# Question 31098

Nov 7, 2017

At the inflection point $x = 2 - \sqrt{2}$, the slope is:

$\left(2 \sqrt{2} - 2\right) \left({e}^{- 2 + \sqrt{2}}\right)$

At the inflection point $x = 2 + \sqrt{2}$, the slope is:

$\left(- 2 \sqrt{2} - 2\right) \left({e}^{- 2 - \sqrt{2}}\right)$

#### Explanation:

First, let's find $\frac{\mathrm{dy}}{\mathrm{dx}}$ and $\frac{{d}^{2} y}{\mathrm{dx}} ^ 2$.

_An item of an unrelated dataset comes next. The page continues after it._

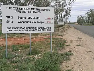 If you encounter a gate on a public road or thoroughfare in the outback it may have a sign on it (or nearby) advising of the roads entrance conditions and gate closure requirements. The Dingo Fence or Dog Fence is a notable example of such formal gating. This fence is one of the longest structures in the world and is the world's longest fence. It stretches 5,614 km (3,488 mi) from Jimbour on the Darling Downs near Dalby in Queensland through thousands of kilometres of inland Australia finally ending west of Eyre peninsula on cliffs of the Nullarbor Plain near Nundroo 160 km west of Ceduna and 347 km east of the South Australian-West Australian border. Any gate on this fence must be closed at all times other than when a vehicle is actually passing through the gate. Other gates range from very formal solid constructions down to humble bush gates using many different methods of closure. The rule with these gates is to always leave it as you found it. If it is open leave it open, if it is closed then you must close it again and ensure that it is done properly. Pay very careful attention when you first open the gate to ensure that you fully understand how to close it again. If you are travelling close behind another vehicle they may open the gate and then drive on, leaving you to close the gate. Pay careful attention to any such situation to ensure there is no confusion as to the status of the gate upon arrival (open or shut) and who is closing it, do not just drive off unless you can see the gate is being properly managed by others, traditionally the onus is upon the last one through to close the gate; however if you opened it you still have the ultimate responsibility to ensure that it is left as you found it including being correctly fastened. Heavy grazing stock losses or intrusion of feral animals may arise from incorrect gate management by travellers. In some cases penalties may be applied for not following correct procedures where closure is mandated.

$\frac{\mathrm{dy}}{\mathrm{dx}} = \frac{d}{\mathrm{dx}} \left({x}^{2} {e}^{-} x\right)$

$\frac{\mathrm{dy}}{\mathrm{dx}} = {x}^{2} \frac{d}{\mathrm{dx}} \left({e}^{-} x\right) + {e}^{-} x \frac{d}{\mathrm{dx}} \left({x}^{2}\right)$

$\frac{\mathrm{dy}}{\mathrm{dx}} = {x}^{2} \left(- {e}^{-} x\right) + {e}^{-} x \left(2 x\right)$

$\frac{\mathrm{dy}}{\mathrm{dx}} = \left(2 x - {x}^{2}\right) \left({e}^{-} x\right)$

Now, we derive this again to get the second derivative.

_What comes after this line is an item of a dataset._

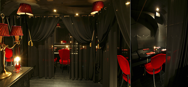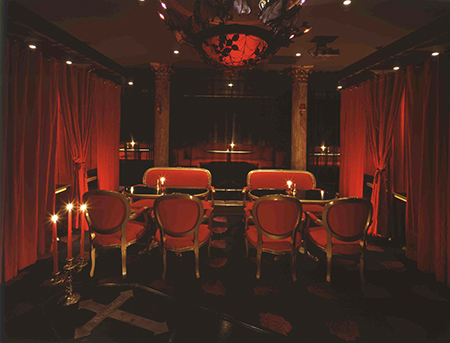 紅く厚いベルベットカーテンで仕切れらたL字型のシート。

$\frac{{d}^{2} y}{\mathrm{dx}} ^ 2 = \frac{d}{\mathrm{dx}} \left(2 x - {x}^{2}\right) \left({e}^{-} x\right)$

$\frac{{d}^{2} y}{\mathrm{dx}} ^ 2 = {e}^{-} x \frac{d}{\mathrm{dx}} \left(2 x - {x}^{2}\right) + \left(2 x - {x}^{2}\right) \frac{d}{\mathrm{dx}} \left({e}^{-} x\right)$

$\frac{{d}^{2} y}{\mathrm{dx}} ^ 2 = {e}^{-} x \left(2 - 2 x\right) + \left(2 x - {x}^{2}\right) \left(- {e}^{-} x\right)$

$\frac{{d}^{2} y}{\mathrm{dx}} ^ 2 = \left(2 - 2 x - \left(2 x - {x}^{2}\right)\right) \left({e}^{-} x\right)$

$\frac{{d}^{2} y}{\mathrm{dx}} ^ 2 = \left(2 - 4 x + {x}^{2}\right) \left({e}^{-} x\right)$

To find an inflection point, we set the second derivative equal to 0.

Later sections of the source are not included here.